PROBLEM STATEMENT | The records that follow must be reproduced in full, with every picture excluded.

** Opening DATA TO EXAMINE block **

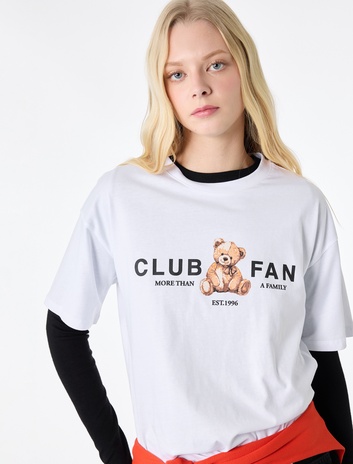 Kısa Kollu Bisiklet Yaka Pamuklu Ayıcık Baskılı Oversize Tişört Sepete Ekle
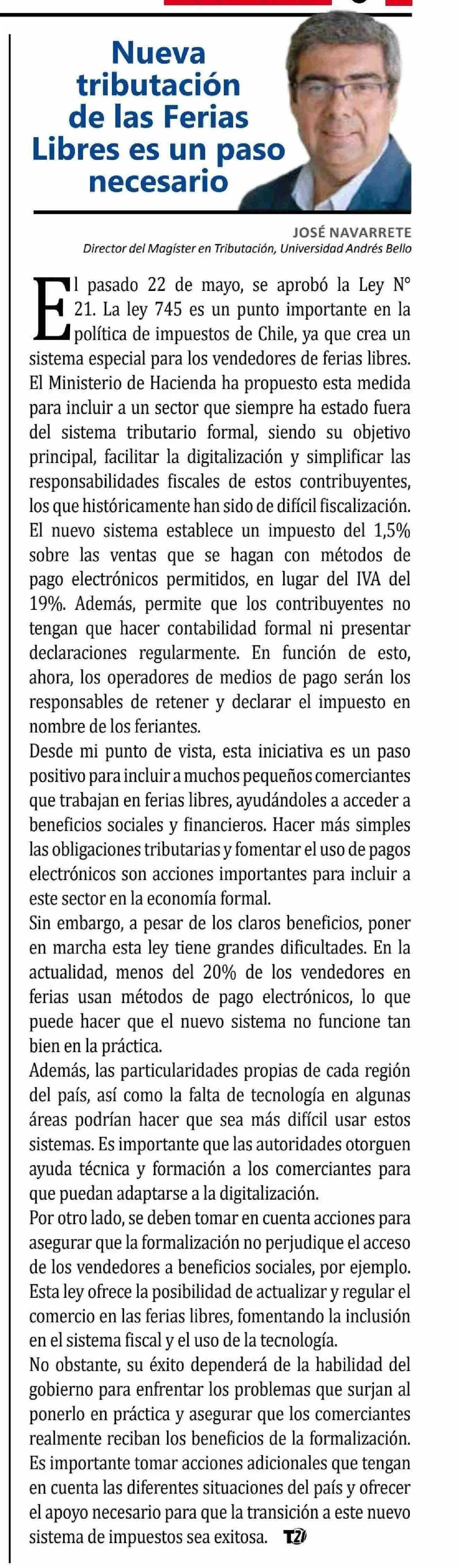 COLUMNAS DE OPINIÓN: Nueva tributación de las Ferias Libres es un paso necesario
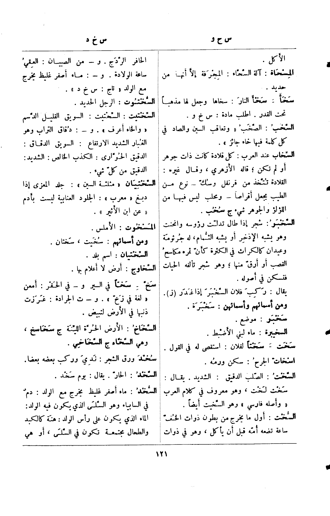السخد: ماء أصفر غليظ يخرج مع الولد: دم في السابياء وهو السلسى الذذي يكون فيه الولد: الماء الذي يكون على رأس الولد: هنة كالكبد والطحال مجتمعة تكون في السلى, أو هي
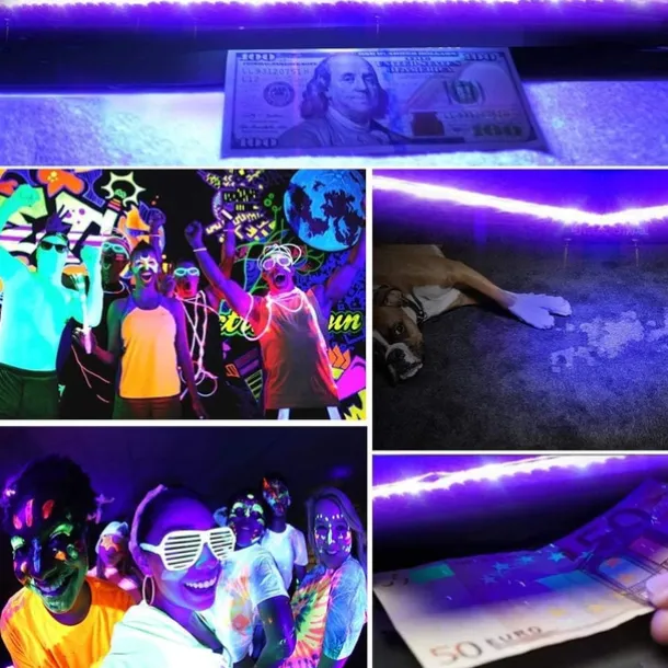 Waterproof Black UV Strip Light, IP65 Purple LED Black Light Fixture Kit 600 LED Light Strips with 12V Power Supply for Outdoor and Indoor Halloween Luminous Neon Lights Party Cabinets Posters Boats
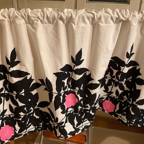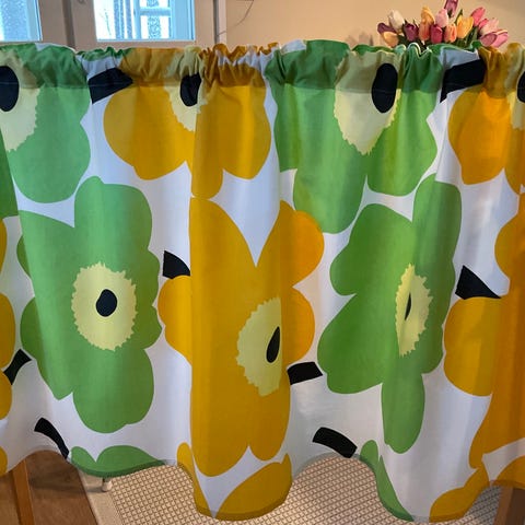 Marimekko Ruusupuu kankaasta tehty kappaverho , käyttämätön. 55x202 cm, tankokuja 6 cm. Saatavilla 2 kpl samanlaisia. 45 e/kpl
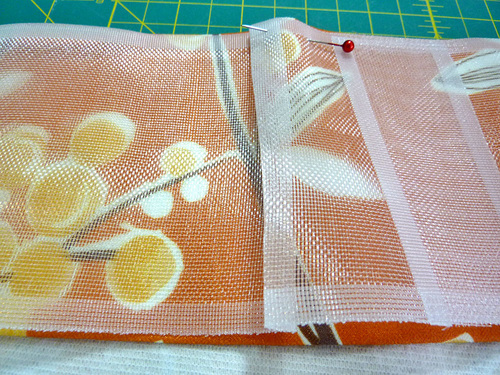 This product can be used for curtains as well as other situations, such making a fabric hiding panel for the front of a cabinet or along the base of a counter. The original Dritz product we used was iron-on, but this option is now more difficult to find, however, sew-on options are prevalent. Here is one we found at Amazon.

** Closing DATA TO EXAMINE block **

RESPONSE TO THE TASK |
 Kısa Kollu Bisiklet Yaka Pamuklu Ayıcık Baskılı Oversize Tişört Sepete Ekle
 COLUMNAS DE OPINIÓN: Nueva tributación de las Ferias Libres es un paso necesario
السخد: ماء أصفر غليظ يخرج مع الولد: دم في السابياء وهو السلسى الذذي يكون فيه الولد: الماء الذي يكون على رأس الولد: هنة كالكبد والطحال مجتمعة تكون في السلى, أو هي
 Waterproof Black UV Strip Light, IP65 Purple LED Black Light Fixture Kit 600 LED Light Strips with 12V Power Supply for Outdoor and Indoor Halloween Luminous Neon Lights Party Cabinets Posters Boats
 Marimekko Ruusupuu kankaasta tehty kappaverho , käyttämätön. 55x202 cm, tankokuja 6 cm. Saatavilla 2 kpl samanlaisia. 45 e/kpl
 This product can be used for curtains as well as other situations, such making a fabric hiding panel for the front of a cabinet or along the base of a counter. The original Dritz product we used was iron-on, but this option is now more difficult to find, however, sew-on options are prevalent. Here is one we found at Amazon.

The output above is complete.